If you do see jobs failing during this period and you suspect that Darshan may be the issue, you can set up your job to disable Darshan IO data characterisation by adding the command:

module remove darshan

as the last “module” command in your job submission script and resubmitting the job. If you see an issue and it is resolved by removing the “darshan” module in this way, please do let us know via support@archer2.ac.uk with details of the software you are running that saw the problem.

If you are building software or running jobs that use a profiling tool (e.g. CrayPAT, Arm Forge MAP, Scalasca) we recommend that you use the “module remove darshan” command before compiling software with profiling enabled and add the “module remove darshan” command to your job submission script for the profiling run as Darshan profiling may interfere with other profiling tools. We have tested running CrayPAT profiling with Darshan enabled and it worked successfully for our test cases, but we think it is still prudent to disable Darshan when profiling applications.

If you are interested in using Darshan or looking at the profiles of your jobs generated during this monitoring period, please see the Darshan on ARCHER2 documentation.

GPU Driving Test

In order to support users wishing to explore the ARCHER2 AMD GPU Development Platform we are now offering the ARCHER2 GPU Driving Test.

The GPU Driving Test uses an online assessment tool format which includes a range of questions around the use of ARCHER2 and the GPUs.

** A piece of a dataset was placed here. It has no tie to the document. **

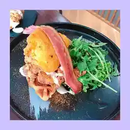 Fried Chicken Croissant Waffle🧇 (Crispy Bacon French Fries Salad Honey Mustard Sauce)

The GPU Driving Test is open to everyone, including those who have previously completed the ARCHER2 Driving Test.

On successful completion, eligible users will be invited to sign up for an account on ARCHER2 for access to the GPU cluster for a year.

Full details

We hope that this new access route will enable more people, interested in exploring what GPUs can offer in their work, an easy way to get immediate, hands-on access and experience.

Autumn 2024 UKRI Access to HPC Call open

Deadline: 28 November 2024 4:00pm UK time

ARCHER2 access page

Full details of UKRI call

No TA form required at application stage

Cross-vendor GPU development with C++ and SYCL

Online, 3 December 2024 09:00 - 17:00

SYCL is an open standard defined by the Khronos Group and allows programmers to write code for high-end GPUs across the biggest platforms like Intel, Nvidia and AMD, using both custom device kernels and optimised vendor libraries. This course will teach you the basics of the SYCL programming model, using the DPC++ compiler, and show how to run the same code on different GPU hardware. It will also touch on using high-performance libraries like oneMKL to get the best performance on these devices in domains like BLAS, FFT and others. oneMKL is based on the oneAPI specification and governed by the UXL Foundation.

Further information and registration

Message Passing programming with MPI

26 - 27 November 2024 09:00 - 17:00, Birmingham, Tuesday 3rd December 14:00 to 16:30 online

The world’s largest supercomputers are used almost exclusively to run applications which are parallelised using Message Passing. The course covers all the basic knowledge required to write parallel programs using this programming model, and is directly applicable to almost every parallel computer architecture.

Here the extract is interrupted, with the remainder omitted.